[Stored items from a collection]
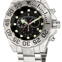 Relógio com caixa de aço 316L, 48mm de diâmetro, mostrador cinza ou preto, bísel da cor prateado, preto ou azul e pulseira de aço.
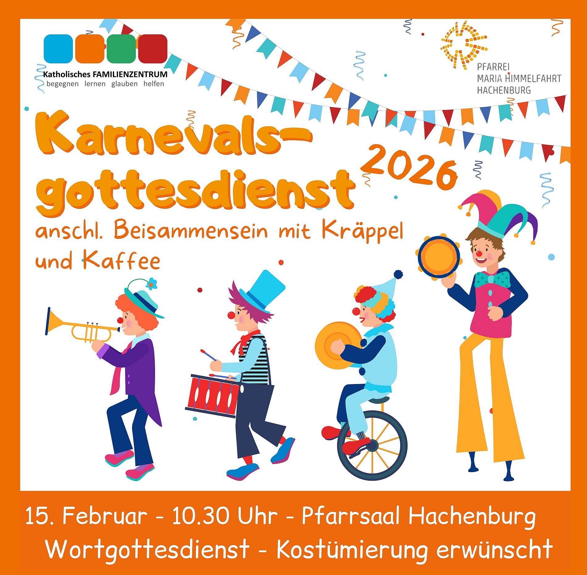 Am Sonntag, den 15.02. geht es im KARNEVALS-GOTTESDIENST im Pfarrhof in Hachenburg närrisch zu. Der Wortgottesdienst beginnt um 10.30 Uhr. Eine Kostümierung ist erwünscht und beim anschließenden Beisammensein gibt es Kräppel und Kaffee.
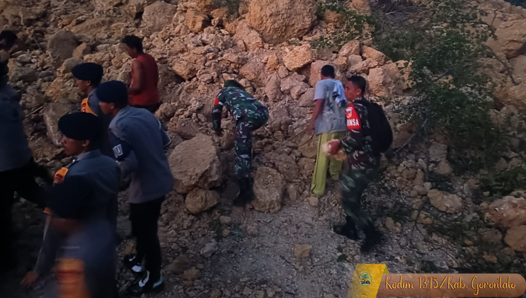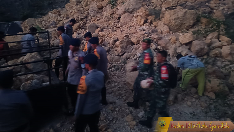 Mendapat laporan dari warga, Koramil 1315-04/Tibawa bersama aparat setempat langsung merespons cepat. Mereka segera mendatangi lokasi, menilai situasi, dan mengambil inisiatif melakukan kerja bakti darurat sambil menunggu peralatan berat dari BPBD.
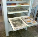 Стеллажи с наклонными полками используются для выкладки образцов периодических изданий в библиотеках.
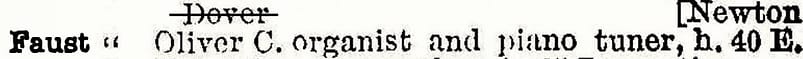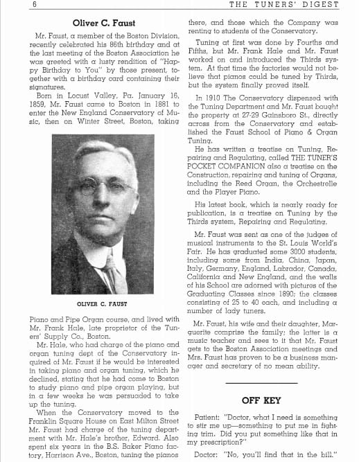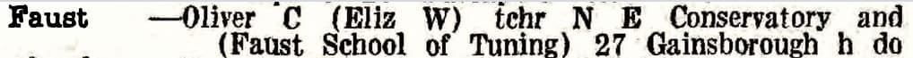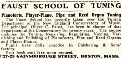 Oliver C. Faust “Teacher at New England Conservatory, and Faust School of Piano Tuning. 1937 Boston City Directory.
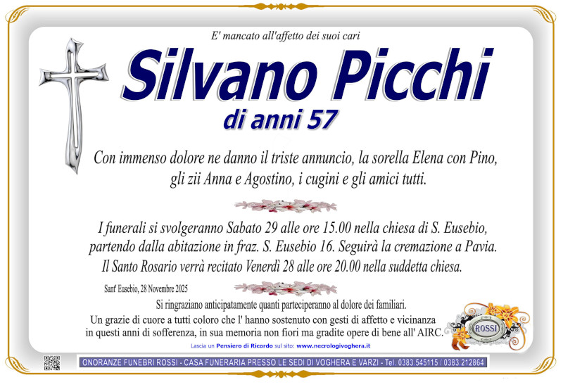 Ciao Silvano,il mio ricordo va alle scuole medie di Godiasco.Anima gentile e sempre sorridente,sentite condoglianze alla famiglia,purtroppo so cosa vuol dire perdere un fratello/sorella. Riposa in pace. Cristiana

What you should do: Respond with the exact lines above running from the one containing "Am Sonntag, den" to the one containing "Mendapat laporan dari", both ends kept and no pictures included.

Solution:
 Am Sonntag, den 15.02. geht es im KARNEVALS-GOTTESDIENST im Pfarrhof in Hachenburg närrisch zu. Der Wortgottesdienst beginnt um 10.30 Uhr. Eine Kostümierung ist erwünscht und beim anschließenden Beisammensein gibt es Kräppel und Kaffee.
 Mendapat laporan dari warga, Koramil 1315-04/Tibawa bersama aparat setempat langsung merespons cepat. Mereka segera mendatangi lokasi, menilai situasi, dan mengambil inisiatif melakukan kerja bakti darurat sambil menunggu peralatan berat dari BPBD.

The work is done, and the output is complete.